Records provided
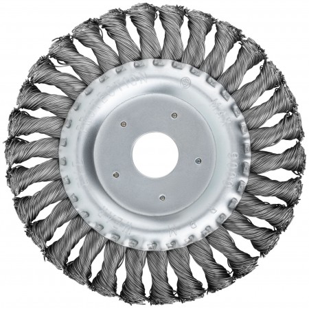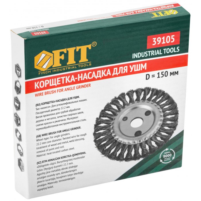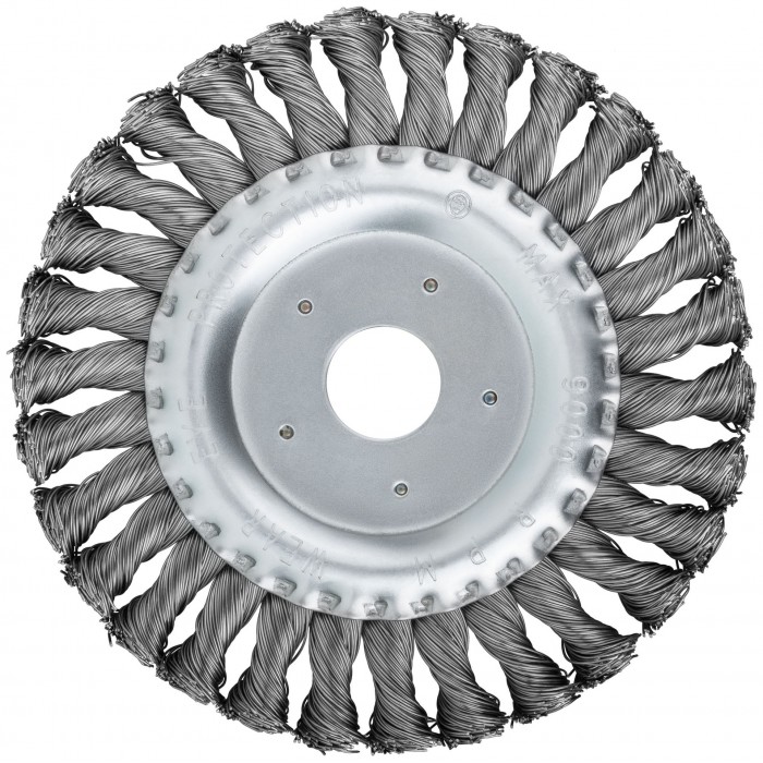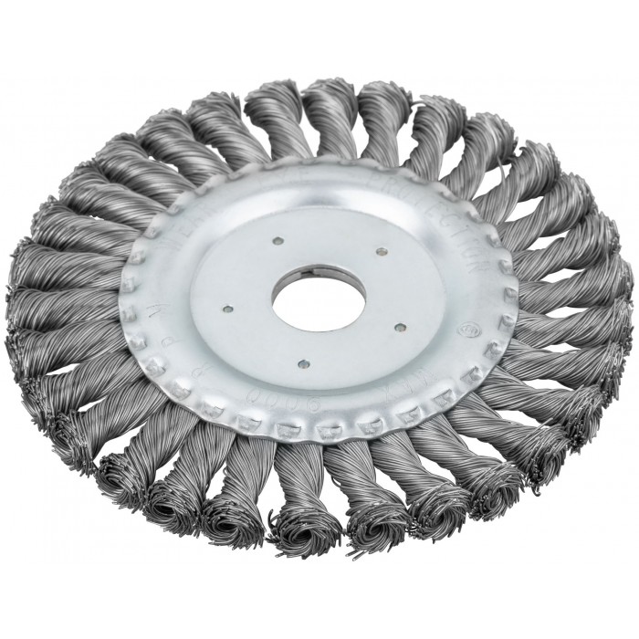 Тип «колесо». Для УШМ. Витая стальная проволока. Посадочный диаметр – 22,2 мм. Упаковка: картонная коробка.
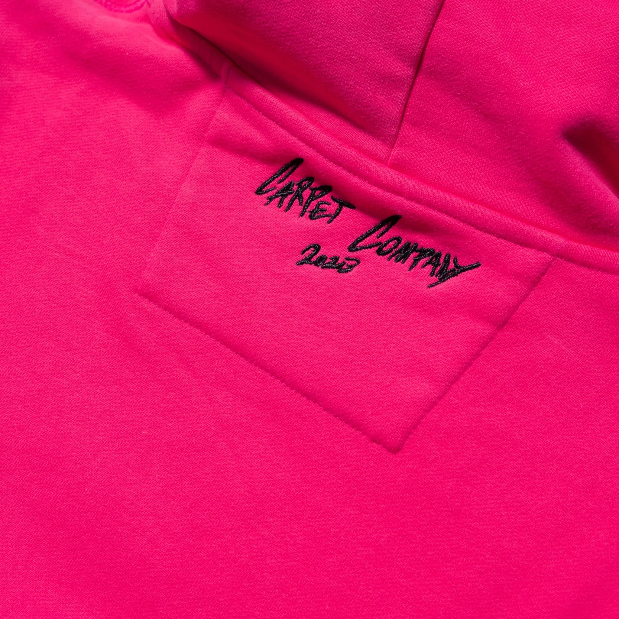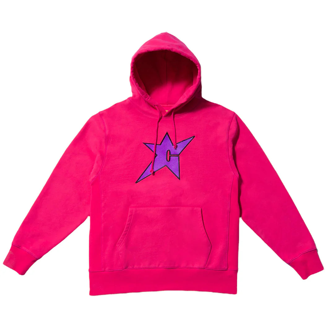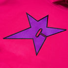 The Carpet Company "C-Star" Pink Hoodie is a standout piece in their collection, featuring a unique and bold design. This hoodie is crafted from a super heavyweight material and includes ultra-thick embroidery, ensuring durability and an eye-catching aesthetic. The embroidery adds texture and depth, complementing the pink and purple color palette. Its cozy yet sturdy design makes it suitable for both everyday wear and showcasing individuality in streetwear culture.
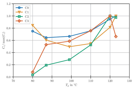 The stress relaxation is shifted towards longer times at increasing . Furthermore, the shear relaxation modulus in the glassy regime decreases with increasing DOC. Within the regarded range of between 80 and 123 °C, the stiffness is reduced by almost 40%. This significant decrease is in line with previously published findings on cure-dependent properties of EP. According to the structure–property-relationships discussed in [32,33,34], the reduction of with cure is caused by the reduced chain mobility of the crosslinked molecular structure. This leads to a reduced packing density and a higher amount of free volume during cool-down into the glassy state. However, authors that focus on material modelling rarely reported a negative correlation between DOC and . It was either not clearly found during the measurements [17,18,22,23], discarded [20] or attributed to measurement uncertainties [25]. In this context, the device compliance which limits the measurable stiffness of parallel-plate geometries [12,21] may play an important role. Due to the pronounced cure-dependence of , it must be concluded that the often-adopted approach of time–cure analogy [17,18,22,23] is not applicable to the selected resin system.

--

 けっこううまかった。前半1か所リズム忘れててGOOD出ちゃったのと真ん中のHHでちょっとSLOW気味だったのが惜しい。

Problem statement
Only the lines starting at the one with "Упаковка: картонная коробка." and ending at the one with "The Carpet Company" should be printed, each exactly as it appears in the material above; the pictures are to be omitted.

Answer to this task
 Тип «колесо». Для УШМ. Витая стальная проволока. Посадочный диаметр – 22,2 мм. Упаковка: картонная коробка.
 The Carpet Company "C-Star" Pink Hoodie is a standout piece in their collection, featuring a unique and bold design. This hoodie is crafted from a super heavyweight material and includes ultra-thick embroidery, ensuring durability and an eye-catching aesthetic. The embroidery adds texture and depth, complementing the pink and purple color palette. Its cozy yet sturdy design makes it suitable for both everyday wear and showcasing individuality in streetwear culture.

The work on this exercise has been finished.